Description: Collection of images taken by the famous photographer Melissa Farlow
Ladies wearing flamboyant hats watch from the grandstands as thoroughbred horses thunder down the racetrack to compete for a purse of more than one million dollars. The winning horse is draped with a blanket of roses and will continue to race or earn his keep by breeding with mares. He will be pampered for the rest of his life.
Wild Mustangs, on the other hand, run for their lives as two helicopters roar overhead, stampeding them through dusty, sagebrush desert into a trap. After they are captured, they are trucked to facilities where they are branded and neutered. If lucky, they may be adopted, but most wild horses are separated from their families and lead the rest of their lives in captivity.
Equus represents power and speed. American horses have a relationship with man that is complex and filled with irony. Wild horses and thoroughbreds lead opposite lives although they are both spirited and bold.
Thoroughbred horses, products of refined breeding for agility and speed, make up a billion-dollar racing industry. In Kentucky, some racehorses live on prestigious farms in castle-like stone barns with chandeliers in the cupolas. Finely tuned athletes, they are groomed and trained in hopes their fast, short careers will bring their owners fortune and fame. A retired champion stallion may sell for 72 million US dollars. His stud services will command high fees as he passes on an elite bloodline.
Although the racing culture celebrates wealth and prestige and is known as the sport of kings, the backbone of the industry is built on a support community of veterinarians, groomsmen, trainers, jockeys, stable boys and others.
White fences line rolling hills of lush bluegrass in racehorse country making a picturesque backdrop. In the spring when the cherry trees bloom, it could be mistaken for a Hollywood movie set. The dry, windblown sagebrush desert could not be a greater contrast. Wild horses roam barren lands foraging for food in an increasingly developed American West. Nomadic herds are often fenced off from their waterholes and unable to graze on their traditional ranges.

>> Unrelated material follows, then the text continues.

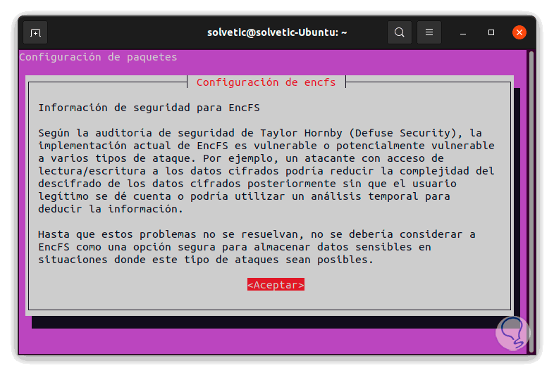 En primer lugar veremos lo siguiente. Este es un tema de seguridad EncFS, seleccionamos Aceptar.

The Thoroughbred as it is known today was developed in England, when native mares were crossbred with imported Oriental stallions of Arabian, Barb and Turkoman lineage. All modern Thoroughbreds can trace their pedigrees to three stallions originally imported in the 17th and 18th centuries.
Mustangs are a symbol of freedom, heroism, romance and the vanishing Wild West. They evolved in North America but seem to have disappeared 12 million years ago. They were reintroduced by the Spanish Conquistadors in the 1600s. Federal laws were passed in the 1970s to protect these animals. But pressures mount as drought, wildland fire, oil and gas exploration and cattle ranching encroach on the mustangs’ traditional lands.
Location:
INFO
Location: Grand Hotel Continental | Via Banchi di Sopra, 85
Period: 2016
Photographer Biography:
Melissa Farlow is a freelance photographer whose assignments vary from people and cultural to landscape and environmental stories. She photographed 15 projects for National Geographic on topics including the Alps, Kentucky thoroughbred horses and America’s National Parks. Working extensively in the American West, Farlow drove 20,000 miles working on stories about public lands and wild horses. She photographed two books for National Geographic, Wild Lands of the West and The Long Road South featuring the Pan American highway. In addition, WILD AT HEART, a book about the plight of wild mustangs premieres in late 2015 and is honored as a Junior Library Guild selection.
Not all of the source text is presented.